On 04/26/16 16:33, Daniel P. Berrange wrote:
There is already barbican which could potentially fill that role:
"Barbican is a REST API designed for the secure storage, provisioning
and management of secrets such as passwords, encryption keys and X.509
Certificates." [1]
On startup a process, such as nova, could contact barbican to retrieve
the credentials it should use for authenticating with each other service
that requires a password.
Where do the creds that nova would use to authenticate to barbican come
from in that model ?
As explained earlier, passwords in text files is awful for both security
and managability at a large scale.
Agreed. Use of client side certs with TLS where the client side cert
pathname is what goes into the configuration file can help - that way
the config file has no credentials in it only pointers to them. Though
management of certs has its own problems but again Barbican can help here.
File permissions alone cannot solve that problem.
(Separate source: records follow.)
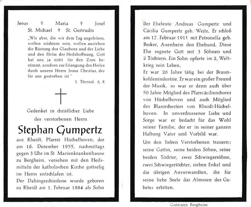 | Eltern: Andreas Gumpertz u. Cäcilia geb. Weitz; ∞ 17.2.1911 Petronella Becker aus Auenheim; 5 K.; 1 Sohn im 2. Weltkrieg gefallen; 26 J. in der Braunkohlenindustrie tätig; über 50 J. Mitgl im Pfarrcäcilienchor Hüchelhoven u. des Blasorchesters von Rheidt-Hüchelhoven; Druck in Bergheim/Erft |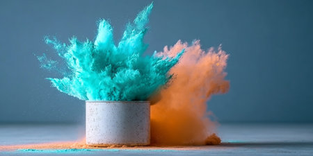 Colorful Powder Explosion from Container, Vivid Pigments Creating Abstract Artwork and Imagination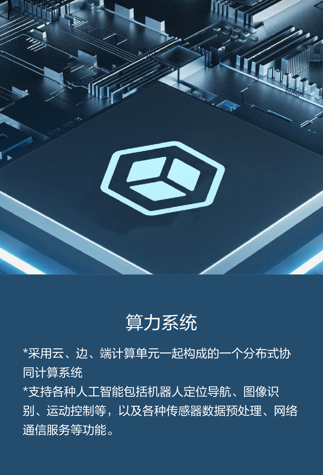 *支持各种人工智能包括机器人定位导航、图像识别、运动控制等,以及各种传感器数据预处理、网络通信服务等功能。
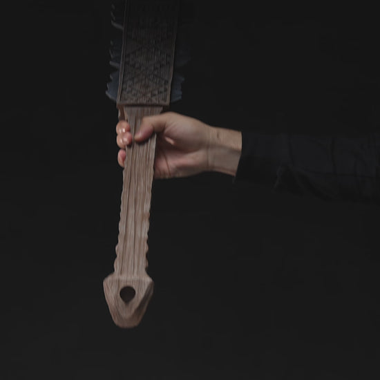 Channel the might of Mesoamerican warriors with this stunning 3D Printed Macuahuitl Aztec Club. Inspired by authentic Aztec weaponry, this ceremonial-style replica features a beautifully detailed, hieroglyphic-style engraving along the wooden frame and a jagged edge lined with translucent obsidian-like blades.

Agreed, but the combination of file permissions and split configuration
can be a first step in that direction especially if the default
configuration files are "split" rather than requiring the admin to know
about that feature and to do it. It may also help if comments about this
were placed in the default configuration files to encourage the behaviour.
--
Darren J Moffat
__________________________________________________________________________
OpenStack Development Mailing List (not for usage questions)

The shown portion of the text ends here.